ITEM 2.             EXHIBITS.

Exhibit No.         Exhibit Description
- -----------         -------------------

4(b)                *Amended and Restated Rights Agreement, dated as of February
                    22, 1989, between Registrant and Ameritrust Company National
                    Association, Rights Agent (the "Rights Agent"); First
                    Amendment to Rights Agreement, dated as of June 10, 1991,
                    between Registrant and Rights Agent; and Second Amendment to
                    Rights Agreement dated as of March 2, 1992, between
                    Registrant and Rights Agent.

4(c)                **Third Amendment to Rights Agreement, dated as of August
                    31, 1994, between Registrant and Society National Bank,
                    successor by merger to Ameritrust Company National
                    Association, as Rights Agent.
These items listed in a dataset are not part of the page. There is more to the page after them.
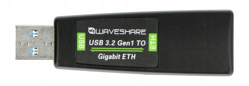 Adapter pozwalający uzyskać port Ethernet Gigabit z portu USB 3.2. Urządzenie stworzone przez Waveshare pozwala osiągnąć pełnoprawny port Ethernet o przepustowości 1 Gbps poprzez port USB 3.2. Adapter oparty został na wysoce wydajnym układzie Realtek RTL8153, który nie wymaga instalacji dodatkowych sterowników i jest plug and play. Idealnie sprawdzi się w urządzeniach, które nie zostały wyposażone w port Ethernet lub w takich, w których port został uszkodzony.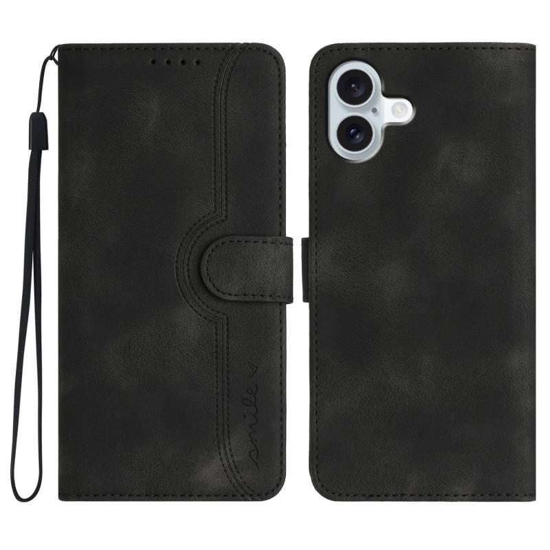 Θήκη τηλεφώνου από δέρμα με υφή καρδιάς για iPhone 16 Plus (Μαύρο)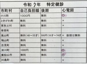 写真は、住民票のある市町村別の令和7年自己負担額です。心電図検査に◯がついている市町村では実施できますが、×がついている町村では実施できません。
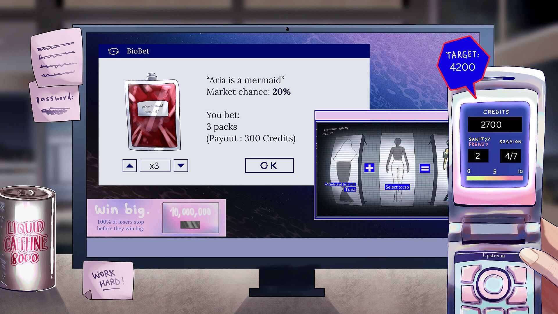 Gamble your blood, upgrade your luck with insider deals, and maybe sew fish tails onto human torsos. Are mermaids more like fish, people, or monsters? Will you save them, or sell them to pay off your debts? MERMAIDS ARE SEAFOOD is a psychological horror game with a branching story. Your choices matter.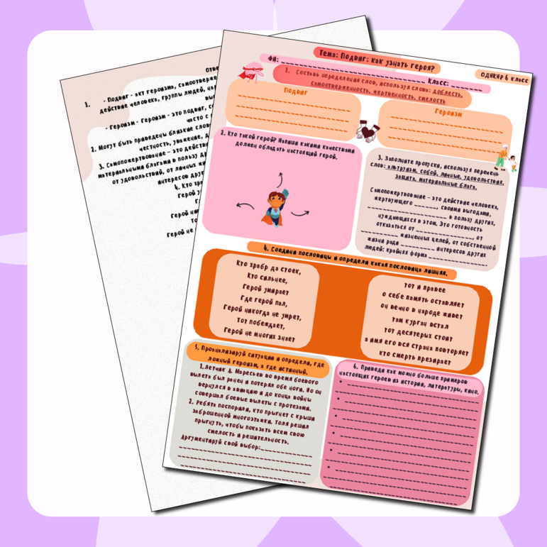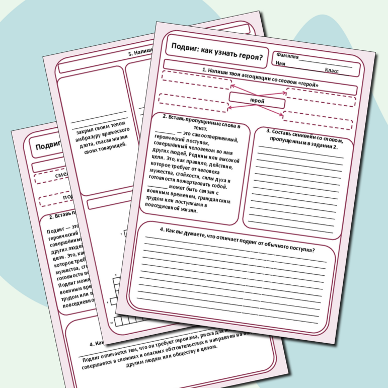 Рабочий лист по теме подвиг 125 фото

4(d)                ***Fourth Amendment to Rights Agreement, dated as of January
                    21, 1997, between Registrant and KeyBank National
                    Association, successor by merger to Society National Bank,
                    as Rights Agent.

4(e)                Fifth Amendment to Rights Agreement, dated as of October 28,
                    1998, between Registrant and National City Bank, as Rights
                    Agent.

*                   Incorporated by reference to Exhibit 4(b) filed with the
                    Registrant's Annual Report on Form 10-K for the year ended
                    December 31, 1993, filed with the Securities and Exchange
                    Commission on March 30, 1994.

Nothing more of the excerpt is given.